─── Provided material ───

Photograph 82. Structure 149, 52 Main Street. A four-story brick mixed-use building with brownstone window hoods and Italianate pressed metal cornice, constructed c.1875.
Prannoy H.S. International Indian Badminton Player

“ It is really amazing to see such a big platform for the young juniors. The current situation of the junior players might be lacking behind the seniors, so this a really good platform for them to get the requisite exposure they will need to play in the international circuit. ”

───
─── Provided material ───

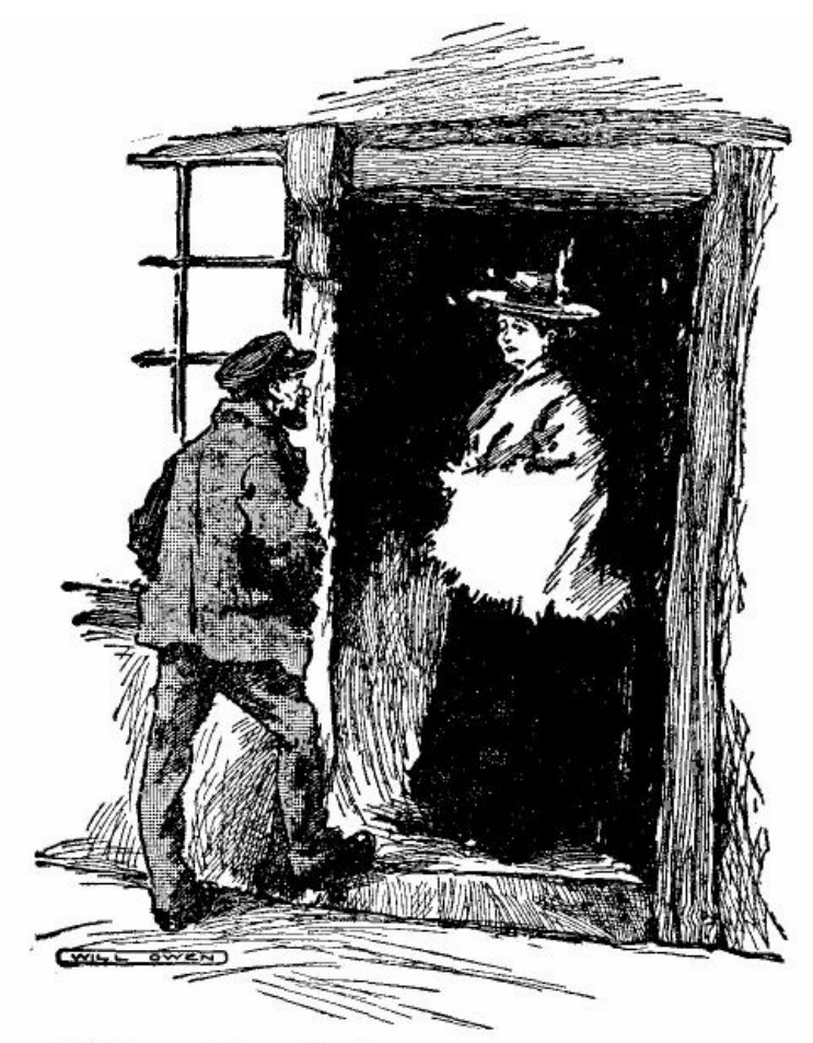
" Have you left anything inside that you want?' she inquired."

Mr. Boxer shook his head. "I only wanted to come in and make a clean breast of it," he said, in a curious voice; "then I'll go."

───
─── Provided material ───

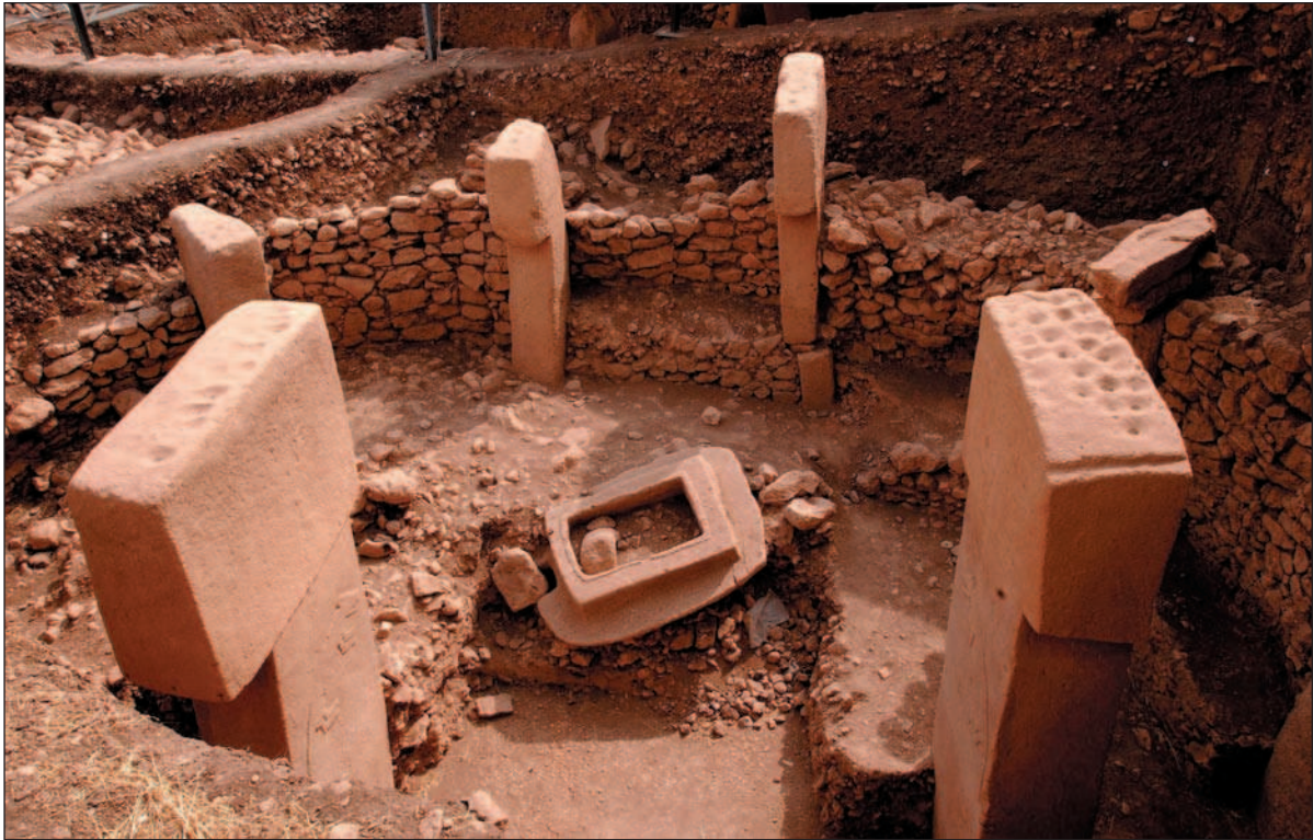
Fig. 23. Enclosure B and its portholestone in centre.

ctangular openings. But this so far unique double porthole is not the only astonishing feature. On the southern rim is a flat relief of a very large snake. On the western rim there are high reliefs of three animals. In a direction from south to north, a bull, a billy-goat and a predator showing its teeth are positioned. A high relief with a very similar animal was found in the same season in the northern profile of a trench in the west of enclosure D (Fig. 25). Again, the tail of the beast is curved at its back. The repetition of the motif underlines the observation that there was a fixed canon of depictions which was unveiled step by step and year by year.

───

Assigned task ▸
When the line with "Prannoy H.S. International" is reached in the data above, begin copying, and stop after the line with "It is really"; copy each line exactly, both ends included.

Answer to the exercise ▸
Prannoy H.S. International Indian Badminton Player

“ It is really amazing to see such a big platform for the young juniors. The current situation of the junior players might be lacking behind the seniors, so this a really good platform for them to get the requisite exposure they will need to play in the international circuit. ”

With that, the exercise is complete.